Supplied entries Block Start
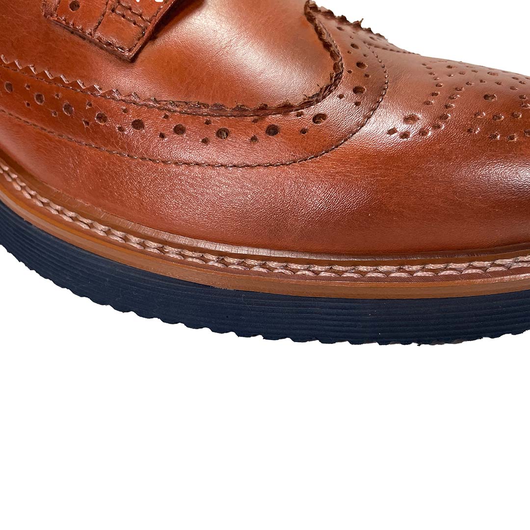 Tan brogues men's leather shoes with blue soles. The Bexley is a classic long wing full brogue style, in a casual burnished tan leather and a lightweight (yet durable) blue textured EVA sole with a premium storm welt that has double row of stitching. These smart, comfortable shoes are perfect for all day wear and will look great with jeans or chinos.
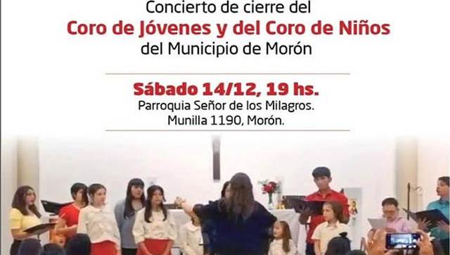 El próximo sábado 14 de diciembre, los coros de niños y jóvenes de Morón ofrecerán un concierto muy especial para despedir el año, a partir de las 19 horas, en la Parroquia Señor de los Milagros, ubicada en Munilla 1190, Morón Centro.
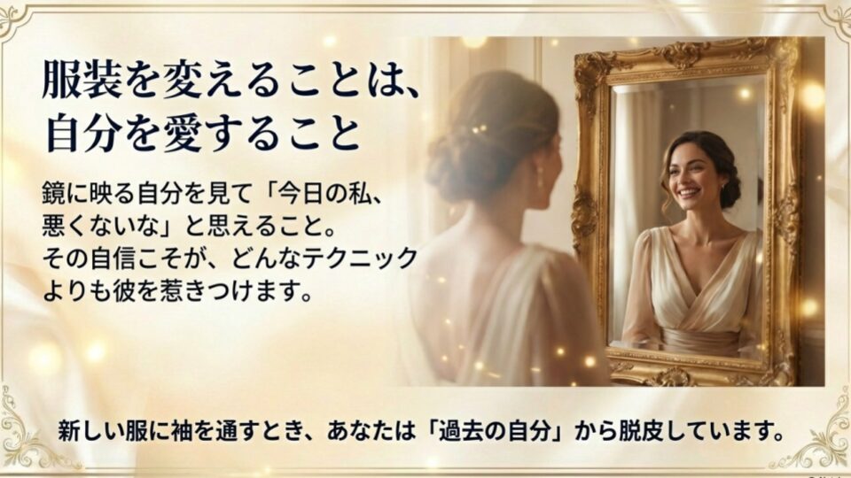 ここまで服装について語ってきましたが、一番大切なことを伝えますね。鏡に映る自分を見て「よし、今日の私、悪くないな」と思えること。その自信こそが、どんなテクニックよりも彼を惹きつけます。
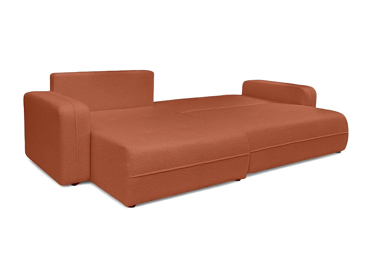 Canapé d'angle LEILA convertible et réversible 3 places en tissu bouclette - Terracotta
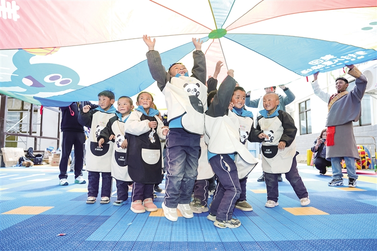 “老師快看!這里有跑道和斑馬線,太漂亮啦!”定日縣長所鄉幼兒園的拉巴次仁第一次踏上新落成的“太陽花”操場,興奮地邊跑邊向老師展示。據記者了解,此前孩子們在破損的懸浮地板上活動時經常摔倒,遇上雨雪天氣,戶外活動也只能取消。
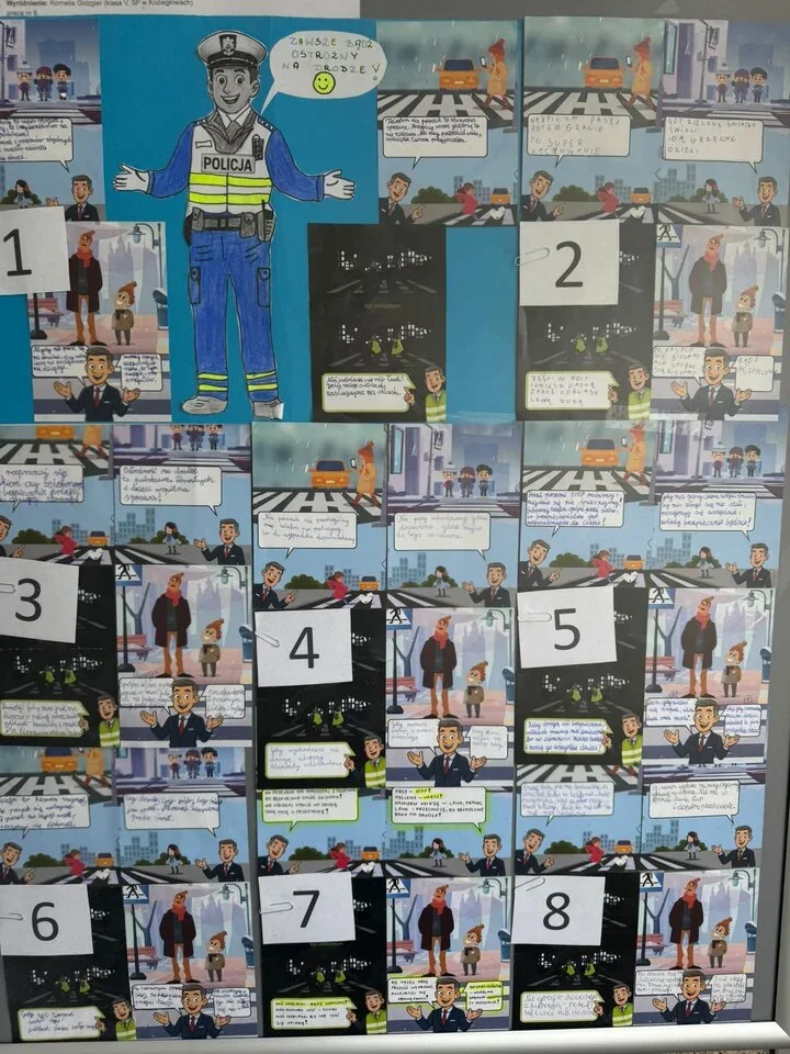 Jury brało pod uwagę przede wszystkim to, czy porada była zrozumiała, dobrze dopasowana do wieku autora i trafiała w temat bezpieczeństwa. Właśnie dlatego zwyciężyły nie tylko najładniejsze graficznie prace, ale takie, które potrafiły krótko i jasno powiedzieć coś ważnego o ostrożności, przechodzeniu przez jezdnię czy zachowaniu na drodze.
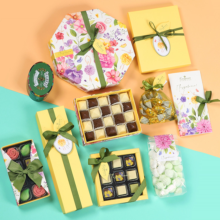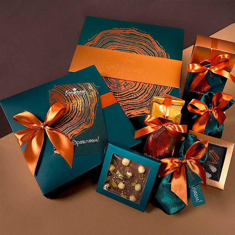 – Подарочные наборы с логотипом. Включают несколько видов шоколада и конфет.
Supplied entries Block End
All entries should be restated word for word; no images belong in the copy.

 Tan brogues men's leather shoes with blue soles. The Bexley is a classic long wing full brogue style, in a casual burnished tan leather and a lightweight (yet durable) blue textured EVA sole with a premium storm welt that has double row of stitching. These smart, comfortable shoes are perfect for all day wear and will look great with jeans or chinos.
 El próximo sábado 14 de diciembre, los coros de niños y jóvenes de Morón ofrecerán un concierto muy especial para despedir el año, a partir de las 19 horas, en la Parroquia Señor de los Milagros, ubicada en Munilla 1190, Morón Centro.
 ここまで服装について語ってきましたが、一番大切なことを伝えますね。鏡に映る自分を見て「よし、今日の私、悪くないな」と思えること。その自信こそが、どんなテクニックよりも彼を惹きつけます。
 Canapé d'angle LEILA convertible et réversible 3 places en tissu bouclette - Terracotta
 “老師快看!這里有跑道和斑馬線,太漂亮啦!”定日縣長所鄉幼兒園的拉巴次仁第一次踏上新落成的“太陽花”操場,興奮地邊跑邊向老師展示。據記者了解,此前孩子們在破損的懸浮地板上活動時經常摔倒,遇上雨雪天氣,戶外活動也只能取消。
 Jury brało pod uwagę przede wszystkim to, czy porada była zrozumiała, dobrze dopasowana do wieku autora i trafiała w temat bezpieczeństwa. Właśnie dlatego zwyciężyły nie tylko najładniejsze graficznie prace, ale takie, które potrafiły krótko i jasno powiedzieć coś ważnego o ostrożności, przechodzeniu przez jezdnię czy zachowaniu na drodze.
 – Подарочные наборы с логотипом. Включают несколько видов шоколада и конфет.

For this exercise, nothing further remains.